A junior high school math problem that does not count and seek detailed solutions, and a junior high

by 3|x|+2y=0, y<0

So assuming x>0, then.

2x+y=-7 ①

3x+2y=0 ②

2* -de, x=-14

So the assumption is not valid.

then x<0

2x+y=-7 ③

3x+2y=0 ④

2* - de, 7x = -14

So x=-2, substitute x=-2 into it.

4+y=-7

So y=-3

So xy=6

There are four scenarios to solve.

1. If x 0 and y 0, then the system of equations is 2x-y=-7 and 3x+2y=0 to obtain x=-2, y=3, which contradicts the hypothetical conditions.

2. If x 0, y<0, then the system of equations is 2x+y=-7 and 3x+2y=0 to solve x=-14, y=21, which contradicts the hypothetical conditions.

3. If x<0 and y 0, then the system of equations is 2x-y=-7 and 3x+2y=0

The solution yields x=-14 and y=-21, which contradict the hypothetical conditions.

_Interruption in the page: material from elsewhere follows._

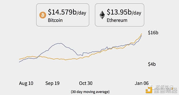 (比特币和以太坊每天的链上交易额,SOURCE:Bitinfocharts)

4. If x<0, y<0, then the system of equations is 2x+y=-7 and 3x+2y=0 to solve x=-2, y=-3, which is consistent with the assumptions.

So xy=6 in this question

3丨x丨+2y=0,—》y<=0,—》2x-丨y丨=2x+y=-7,x>=0,then:3x+2y=0,—》x=-14,does not meet the requirements,x<0,then:-3x+2y=0,—》x=-2,—》y=-3,—》xy=6.

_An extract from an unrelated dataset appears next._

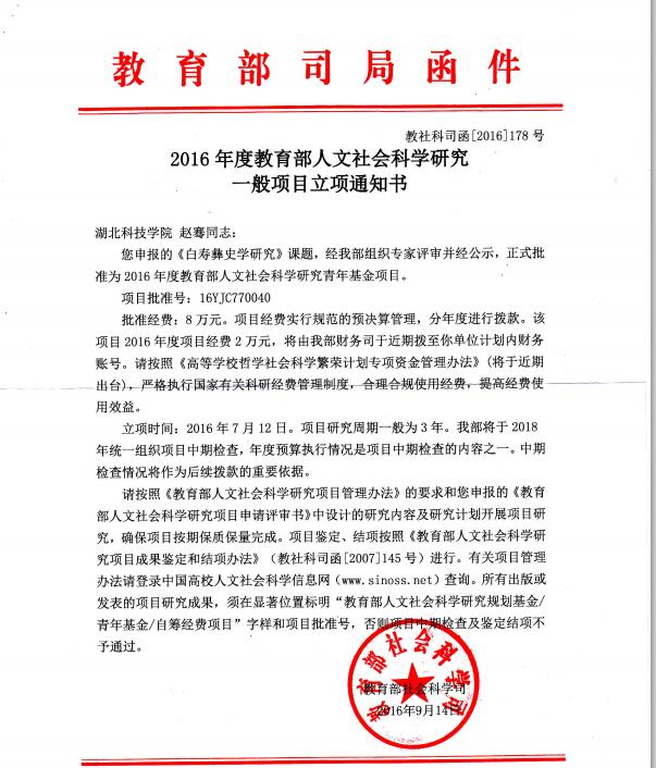 本网讯 接国家教育部(教社科司函[2016]178号)文件,我院赵骞博士申报的《白寿彝史学研究》课题已正式批准为2016年度教育部人文社会科学研究青年基金项目;项目批准号:16YJCT70040 ,批准经费:8万元。

Because 3|x|It must be a non-negative number, so y is a negative number or 0, but according to the first equation, we can see that x and y will not be 0, so y=, so |y|=, bring in the first become, this time is divided into 2 cases, when x>0, the formula becomes, and the solution is x=-14<0, which is inconsistent with the hypothetical x>0, excluded; When x<0, the equation becomes 2x+, and the solution is x=-2, satisfying; So x=-2, y=-3, so xy=6

by 3|x|+2y=0 gives y<0 so y=-3 2|x|2x+3/2|x|=-7 ①

If x 0, then the equation is 2x-3 2x=1 2x=-7 x=-14 which does not match the assumption.

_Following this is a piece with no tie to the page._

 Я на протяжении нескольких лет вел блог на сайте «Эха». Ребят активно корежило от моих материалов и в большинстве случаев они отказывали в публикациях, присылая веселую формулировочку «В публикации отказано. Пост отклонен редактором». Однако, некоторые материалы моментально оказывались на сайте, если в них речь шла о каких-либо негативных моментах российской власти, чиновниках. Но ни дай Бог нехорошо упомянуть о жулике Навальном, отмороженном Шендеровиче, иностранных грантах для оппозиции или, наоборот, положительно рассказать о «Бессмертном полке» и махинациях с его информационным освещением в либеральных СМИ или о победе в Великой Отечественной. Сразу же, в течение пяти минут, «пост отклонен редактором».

If x 0, then 2x+3 2x=7 2x=-7 we know that x=-2 is consistent with the assumption.

So y=-3 x=-2

So xy=6

x=y, then x=y=2 9

Brought into the second equation, k = 4519

Substituting x=-3 and y=-2 into :

6+2n=-4

n=1 substitute x=-5, y=2 to get:

5m+4=-6

m=2∴m²+n²+mn=(m+n)²-mn=7

Hello, Purple Wind VV Account:

Solution: 1, x-4) (x-b).

x²-bx-4x+4b

x²-(b+4)x+4b

x²-x+a

(b+4)=-1，4b=a

The solution yields a=-12 and b=-3

-2) +2) -2 (-2) (2) = (-2+2) =0 (-2) +2) =2 (-2) (2) Rule: a +b 2ab

Rationale: (a-b).

a²+b²-2ab≥0

a²+b²≥2ab

1.Left = x 2 - (4 + b) x + 4b

Right = x 2-x + a

So there is 4+b=1

a=4ba=-12 b=-3

2.(2008-1)* (2008+1) and (2008-3)* (2008+3).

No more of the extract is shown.